The Epilepsy Foundation, the National Multiple Sclerosis Society and the South Carolina Podiatric Medical Association all support this bill. More than 70 percent of South Carolina voters believe medical cannabis should be allowed. While states including Arkansas, Louisiana, and Utah have allowed this medical treatment option, South Carolina remains one of only 14 states that prohibits the medical use of cannabis.
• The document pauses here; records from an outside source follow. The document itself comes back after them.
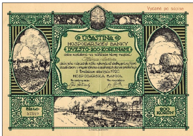
A2513 - Akcie Hospodářské banky na 200 K vydané v roce 1920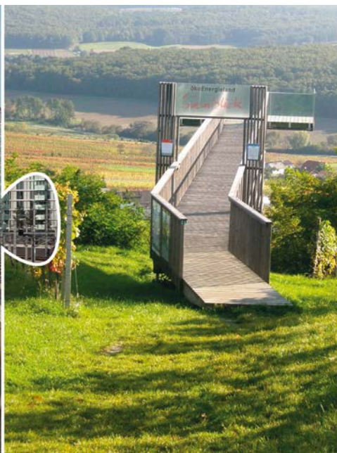
Die nachhaltige Region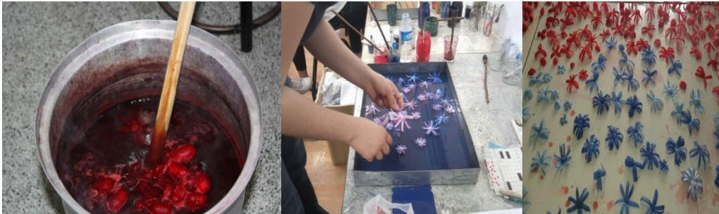
Resim 9. Kozaların Boyanması

Boyanma aşamasında kozalar ya kesilmeden ya da yapılacak ürünün özelliklerine göre enine, boyuna, verev kesilmiş şekilde boyanmaktadır. Boyamada bitkisel (papatya, kökboya, ceviz, sığır kuyruğu, cehri, nar vb bitkilerden elde edilen boyalar) veya kimyasal(asit, bazik, küp ve mordanlı boyalar gibi organik boyalar ve inorganik boyalar) boyalar kullanılmaktadır. Ayrıca kesilen koza parçalarına ebru uygulanarak da boyama yapılmaktadır.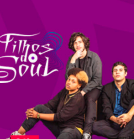
FILHOS DO SOUL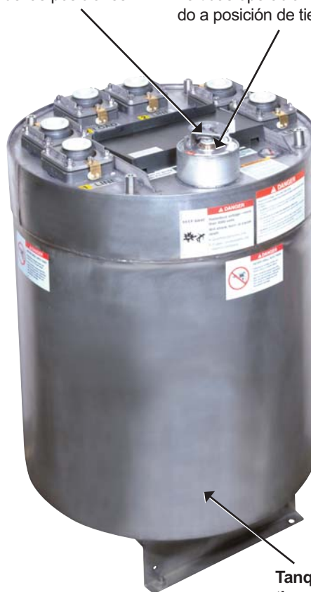
Tanque de acero inoxidable tipo 304L. Su tecnología de sellado proporcionan una larga vida de confiable servicio en ambientes hostiles.

Moto-operador portátil te permite operar el seccionador o el interruptor de falla desde una ubicación remota, particularmente útil para unidades localizadas en subterráneo con otros equipos energizados.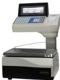
Euroscale 20 RLI 98T

Balanza colgante, impresora y etiquetadora

Senate bill 150 is a narrowly crafted, conservative bill. It does not allow smoking or raw cannabis – and it is limited to severe, debilitating medical conditions. Suffering patients should not risk the indignity and trauma of arrest. This bill would finally allow patients to access lab-tested cannabis safely. It would also give veterans and others with severe injuries and illnesses a less dangerous alternative to opiates. Please contact your state senator today and ask them to vote “Yes” on Senate Bill 150. After six long years, we hope you agree the S.C. Compassionate Care Act deserves a vote on the floor. Now is South Carolina’s time to embrace positive change and to stand up for its vulnerable, not to live in fear.
Judy Ghanem is a mother from Murrells Inlet, S.C. Her daughter, Kira, suffers from a rare genetic disorder – one that Tetrahydrocannabinol (THC)-based medication has proven effective at treating.